* **Task objective**
Output each entry below as it stands, leaving out every picture.

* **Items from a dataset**
-- Opening Marker --

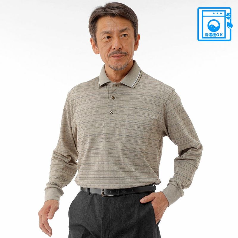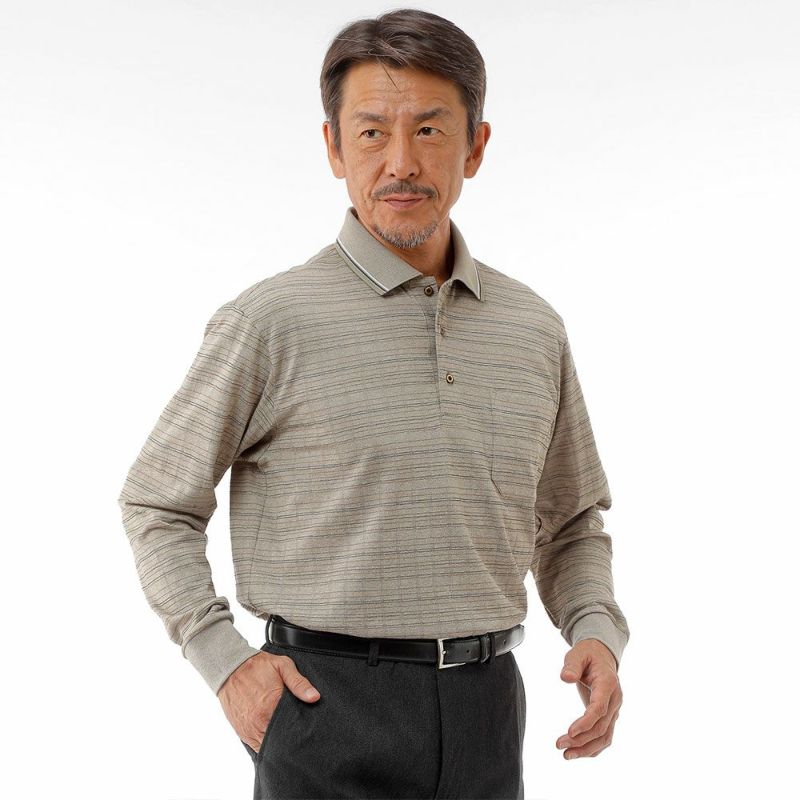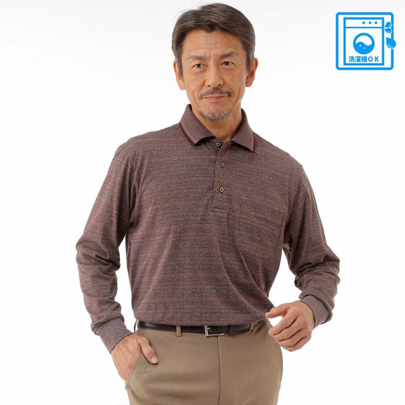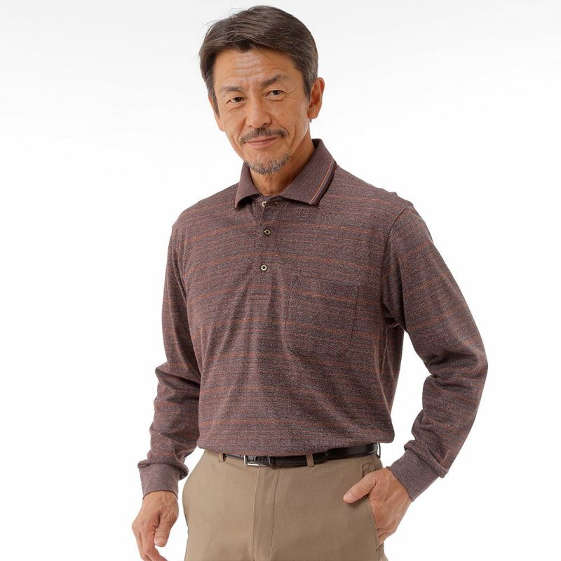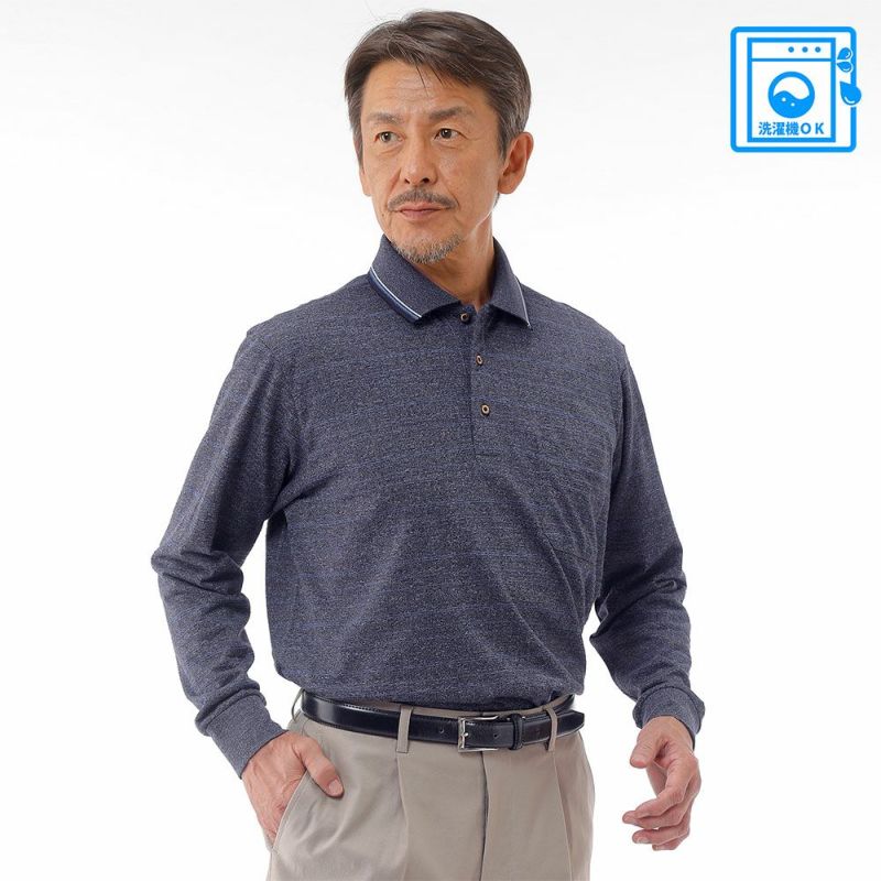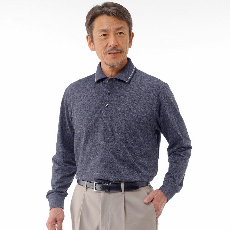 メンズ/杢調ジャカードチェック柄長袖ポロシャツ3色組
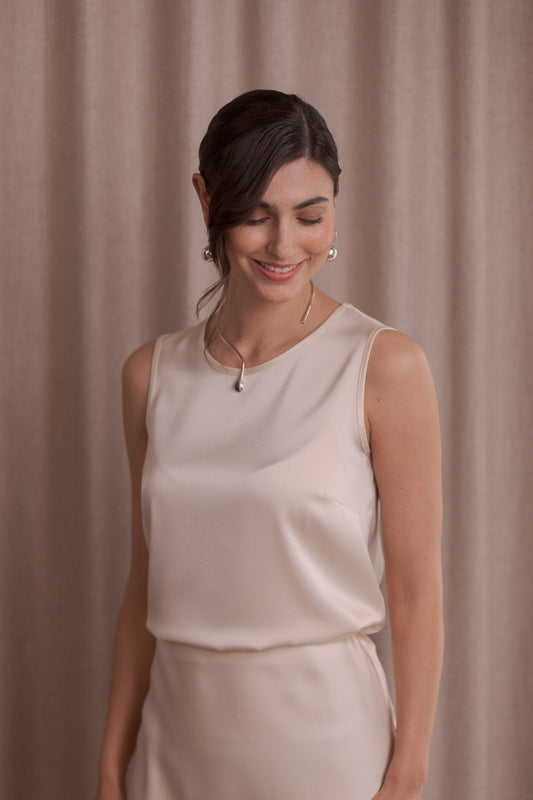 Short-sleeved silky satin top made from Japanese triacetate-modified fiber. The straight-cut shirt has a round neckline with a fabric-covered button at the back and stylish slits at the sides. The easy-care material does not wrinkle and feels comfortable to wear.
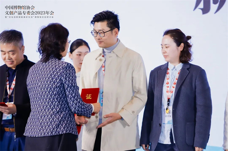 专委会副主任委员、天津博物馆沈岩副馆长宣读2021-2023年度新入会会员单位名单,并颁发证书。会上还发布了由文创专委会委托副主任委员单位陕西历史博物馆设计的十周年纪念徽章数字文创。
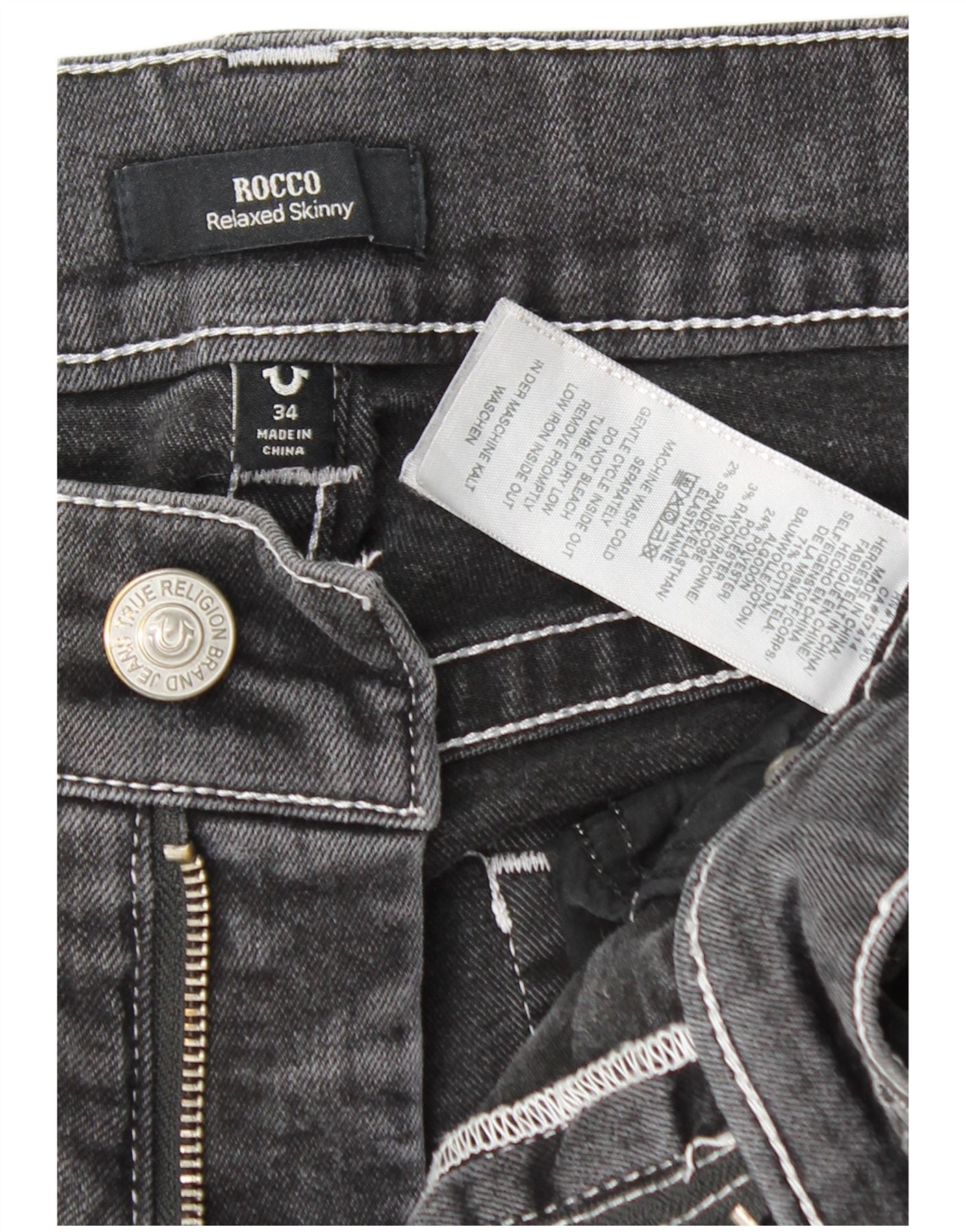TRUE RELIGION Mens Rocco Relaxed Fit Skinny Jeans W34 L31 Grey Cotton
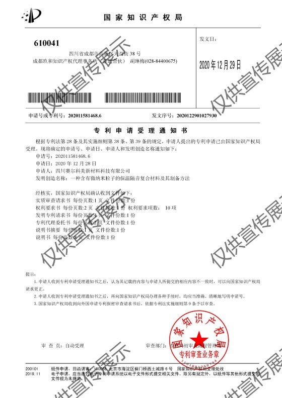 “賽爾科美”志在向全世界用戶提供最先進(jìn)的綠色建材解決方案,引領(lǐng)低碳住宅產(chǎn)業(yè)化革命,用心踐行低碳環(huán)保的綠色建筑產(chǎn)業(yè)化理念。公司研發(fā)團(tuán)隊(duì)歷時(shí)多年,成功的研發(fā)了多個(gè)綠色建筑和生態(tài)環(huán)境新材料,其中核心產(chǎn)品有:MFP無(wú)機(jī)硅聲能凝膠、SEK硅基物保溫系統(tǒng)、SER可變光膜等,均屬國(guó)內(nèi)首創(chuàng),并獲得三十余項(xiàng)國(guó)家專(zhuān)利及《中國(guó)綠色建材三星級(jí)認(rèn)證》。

-- Closing Marker --

* **Answer section**
 メンズ/杢調ジャカードチェック柄長袖ポロシャツ3色組
 Short-sleeved silky satin top made from Japanese triacetate-modified fiber. The straight-cut shirt has a round neckline with a fabric-covered button at the back and stylish slits at the sides. The easy-care material does not wrinkle and feels comfortable to wear.
 专委会副主任委员、天津博物馆沈岩副馆长宣读2021-2023年度新入会会员单位名单,并颁发证书。会上还发布了由文创专委会委托副主任委员单位陕西历史博物馆设计的十周年纪念徽章数字文创。
TRUE RELIGION Mens Rocco Relaxed Fit Skinny Jeans W34 L31 Grey Cotton
 “賽爾科美”志在向全世界用戶提供最先進(jìn)的綠色建材解決方案,引領(lǐng)低碳住宅產(chǎn)業(yè)化革命,用心踐行低碳環(huán)保的綠色建筑產(chǎn)業(yè)化理念。公司研發(fā)團(tuán)隊(duì)歷時(shí)多年,成功的研發(fā)了多個(gè)綠色建筑和生態(tài)環(huán)境新材料,其中核心產(chǎn)品有:MFP無(wú)機(jī)硅聲能凝膠、SEK硅基物保溫系統(tǒng)、SER可變光膜等,均屬國(guó)內(nèi)首創(chuàng),并獲得三十余項(xiàng)國(guó)家專(zhuān)利及《中國(guó)綠色建材三星級(jí)認(rèn)證》。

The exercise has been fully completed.